В ответ на слова сержанта Эдвард Литтлджон едва заметно вздрогнул, но кивнул, соглашаясь подождать разговора с полковником, и Майлз понял, что у него появился шанс выбраться из того дерьма, в которое превратилась его жизнь. Значит, мистер Браун?!
— Вы меня помните? — Майлз улыбнулся как можно шире и шёпотом добавил: — Рыжик.
У Литтлджона дёрнулась щека, и он зашипел:
— Чего вам угодно, мистер Мейтленд?
— Собираетесь в Америку?
— Не ваше дело.
— Ну, почему же не моё, мистер Литтлджон... или как вас теперь? Мистер Браун?
— Сколько? — Литтлджон зло прищурился, разглядывая Майлза.
— Я знал, что мы поладим. Люблю деловых людей, знаете ли.
— Сколько?
— Один билет до Нью-Йорка, мистер Браун.
— Но... это не так просто. Я еду как представитель Банка Англии.
— Отлично, я буду вашим секретарём.
— Майлз Мейтленд не может быть секретарём Эдварда Брауна.

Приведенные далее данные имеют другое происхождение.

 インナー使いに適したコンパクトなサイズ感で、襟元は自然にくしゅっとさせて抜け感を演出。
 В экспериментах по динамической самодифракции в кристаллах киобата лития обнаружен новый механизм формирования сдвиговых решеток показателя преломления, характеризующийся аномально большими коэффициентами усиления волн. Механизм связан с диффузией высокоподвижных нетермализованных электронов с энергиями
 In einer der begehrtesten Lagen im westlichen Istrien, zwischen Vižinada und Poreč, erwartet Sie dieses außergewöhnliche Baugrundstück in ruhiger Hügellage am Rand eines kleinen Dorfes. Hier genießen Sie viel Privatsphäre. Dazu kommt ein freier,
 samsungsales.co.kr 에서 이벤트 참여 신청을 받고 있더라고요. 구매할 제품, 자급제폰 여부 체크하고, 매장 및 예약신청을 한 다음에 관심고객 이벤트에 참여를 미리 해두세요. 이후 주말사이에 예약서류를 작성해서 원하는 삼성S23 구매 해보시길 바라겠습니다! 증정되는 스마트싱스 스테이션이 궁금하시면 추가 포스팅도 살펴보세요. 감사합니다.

— Зато Адам Смит вполне может.
— Дурацкое имя.
— Для банковского клерка в самый раз, — заверил Майлз.
Сержант подал знак Литтлджону, приглашая войти, и тот решился:
— Ваш паспорт. Живо.
Майлз сунул в протянутую руку документ и остался у двери, ожидая решения своей участи. Литтлджон вышел спустя почти час. Он, не глядя на Майлза, ухватил его за рукав, подтягивая к себе, и вручил саквояж.
— Вы мой секретарь, — прошипел он. — Ведите себя соответственно.
— Как бы вы хотели?
— Уважительно, — выплюнул Литтлджон и поспешил в здание таможенного досмотра.
Майлз пошёл за ним следом. Разумеется, он не ожидал, что вопрос решится так скоро, но не собирался возвращаться за вещами в город или же сообщать о своём отъезде в редакцию газеты, по чьему поручению находился в порту. Если жизнь его чему и научила, так это хватать удачу за хвост и не отпускать. Даже если эта удача выглядит столь же кисло, как Литтлджон, а в хвосте у неё всего одно перо.
Личного досмотра избежать не удалось, но, похоже, таможенники на этот раз были достаточно лояльны — Майлз прекрасно знал, на что способны эти ребята в служебном рвении. Хотя, конечно, саквояж они добросовестно изучили, едва ли не обнюхав. По трапу Майлз поднимался следом за Литтлджоном, всё ещё не веря, что это происходит с ним. И если бы он не мечтал о таком весь последний год, то мог бы не сдержать эмоций. Сейчас же он помнил о своей роли, став максимально предупредительным и вежливым. Он даже попытался подхватить пальто, с которым Литтлджон не расставался. Но неудачно.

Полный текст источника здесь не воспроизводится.